»»

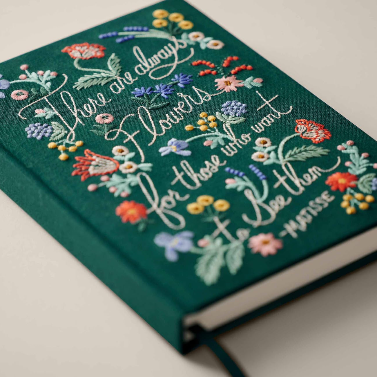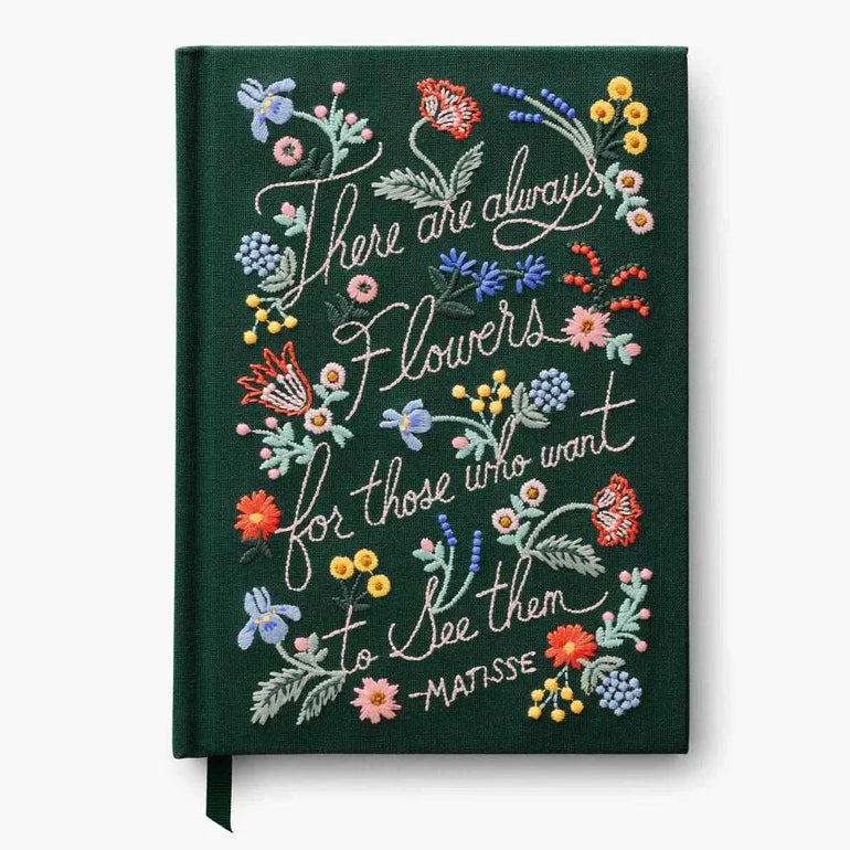 Libreta forrada en tela en color azul marino con frase y flores a juego bordado en la cubierta.
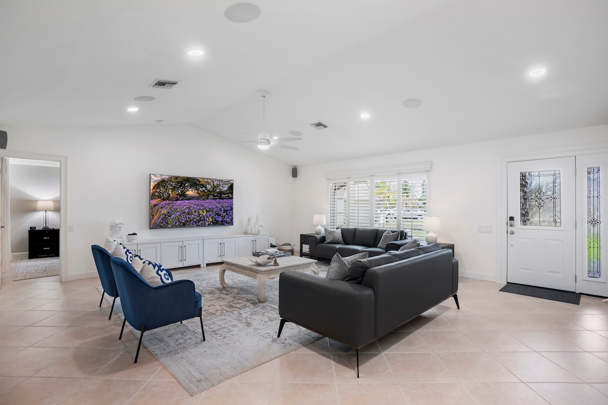Відкрийте для себе розкішний оазис з 2 спальнями та 2 ванними кімнатами в центрі Боніта-Спрінгс, штат Флорида. Він обіцяє спокійний відпочинок всього в декількох хвилинах від незайманого пляжу Боніта, ресторанів, магазинів, захоплюючих атракціонів та природних пам’яток. Стильний дизайн і багатий список зручностей залишать вас у захваті. ✔ 2 комфортабельні спальні ✔ Відкритий дизайн житлового простору ✔ Повністю обладнана кухня ✔ Задній двір (басейн, гідромасажна ванна, бар, барбекю) ✔ Будинок із басейном і зоною відпочинку ✔ Робоче місце ✔ Смарт-телевізори ✔ Wi-Fi ✔ Парковка Дізнайтеся більше нижче!
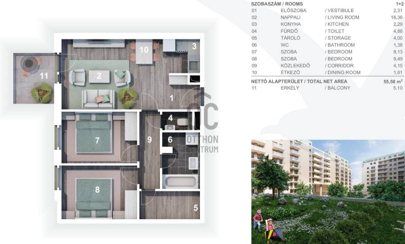 Budapest közkedvelt Duna-parti lakóparkjában, Marina parton, a 2021-ben átadott Marina Life 4.emeletén, 56 m² alapterületű + belső kertre néző terasszal rendelkező, NY-i fekvésű, prémium minőségű, letisztult, modern és fiatalos okosotthon eladó. Teremgarázs hely vásárlása opcionális. - 3 db klíma, elektromos redőnyök- a modern életre tervezték: telefonról vezérelhető komplett okosotthon rendszer- megfelelő tárolási kapacitás (külön gardróbhelyiség található)- a teraszra érve valóban zöld és csendes környezet fogad minketMARINA LIFE BY CORDIA (2021)A Cordia a közép - és kelet-európai régió egyik legnagyobb lakóingatlan-fejlesztő és befektető vállalatcsoportja. A társasház a 21. század technológiai megoldásaival felszerelt. A 2021-ben átadott Marina Life épületébe 4 lépcsőházból juthatunk be, lépcsőházanként 2 lift áll rendelkezésre. A lakóközösség és a közös képviselet a társasház ügyeit illetően tevékeny és összetartó.A belső udvarban gondozott látványkert szépíti az életteret, a lépcsőház takarítása mindennapos. A társasházban távfelügyelettel ellátott kamerarendszer gondoskodik a lakók biztonságáról.XIII.MARINA PARTA nagyvárosok folyóparti területei a legnépszerűbb lakóövezetek szerte a világon: ez Budapesten elsősorban a Duna-part XIII. kerületi szakaszán, a Marina Parton valósult meg. A Budapest szívében található exkluzív városrész a modern lakhatás legmagasabb szintjét képviseli, tökéletes választás azoknak, akik a kényelmet és a nagyvárosi életet egyaránt értékelik. A parkosított sétányok, a kiterjedt zöldfelületek, a sportolási lehetőségek és a kényelmi szolgáltatások széles választéka gondoskodik arról, hogy minden napját teljes mértékben élvezhesse.Amennyiben további információra van szüksége vagy megtekintené az ingatlant, várom hívását, a lakás rugalmasan megtekinthető!
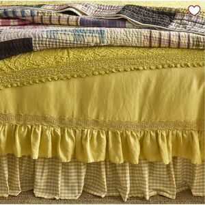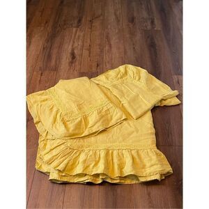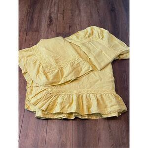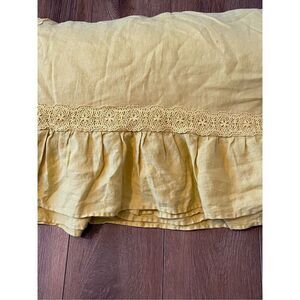 Pottery Barn Green Row Linen Ruffle Crochet Duvet Cover & Sham Twin Marigold
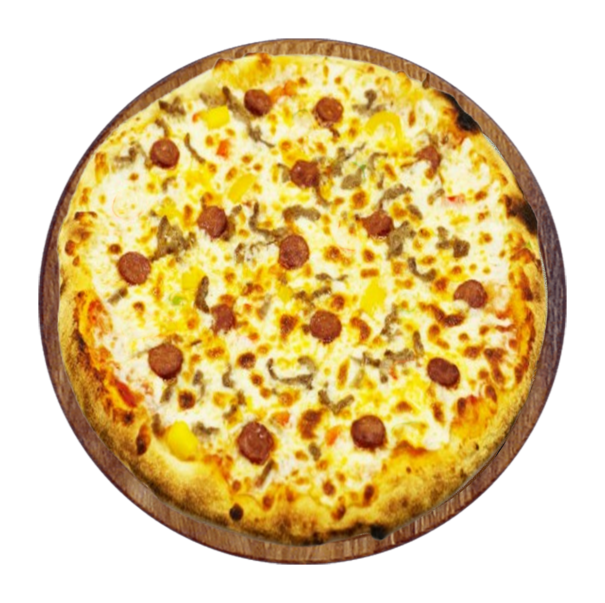 Crème fraîche, mozzarella, sauce barbecue, poulet, merguez, poivrons.
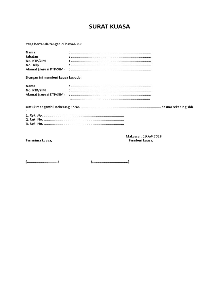 Sulamun tempattanggal lahir. Contoh surat kuasa perwakilan.
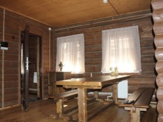 هناك مشاريع يوجد فيها فرصة للذهاب مباشرة إلى غرفة البخار من غرفة الاستراحة ، بينما يؤدي الباب المنفصل إلى غرفة الغسيل. ولكن فقط في الحمام التقليدي الروسي البحت ، تكون غرفة البخار هي قلب الهيكل بأكمله ، ولا يمكنك الدخول إليها إلا من الحوض..

««

**Work task**
All lines from the one bearing "Sulamun tempattanggal lahir." through the last line of the records, and only those, should be duplicated exactly; no picture belongs in the copy.

**Exercise output**
 Sulamun tempattanggal lahir. Contoh surat kuasa perwakilan.
 هناك مشاريع يوجد فيها فرصة للذهاب مباشرة إلى غرفة البخار من غرفة الاستراحة ، بينما يؤدي الباب المنفصل إلى غرفة الغسيل. ولكن فقط في الحمام التقليدي الروسي البحت ، تكون غرفة البخار هي قلب الهيكل بأكمله ، ولا يمكنك الدخول إليها إلا من الحوض..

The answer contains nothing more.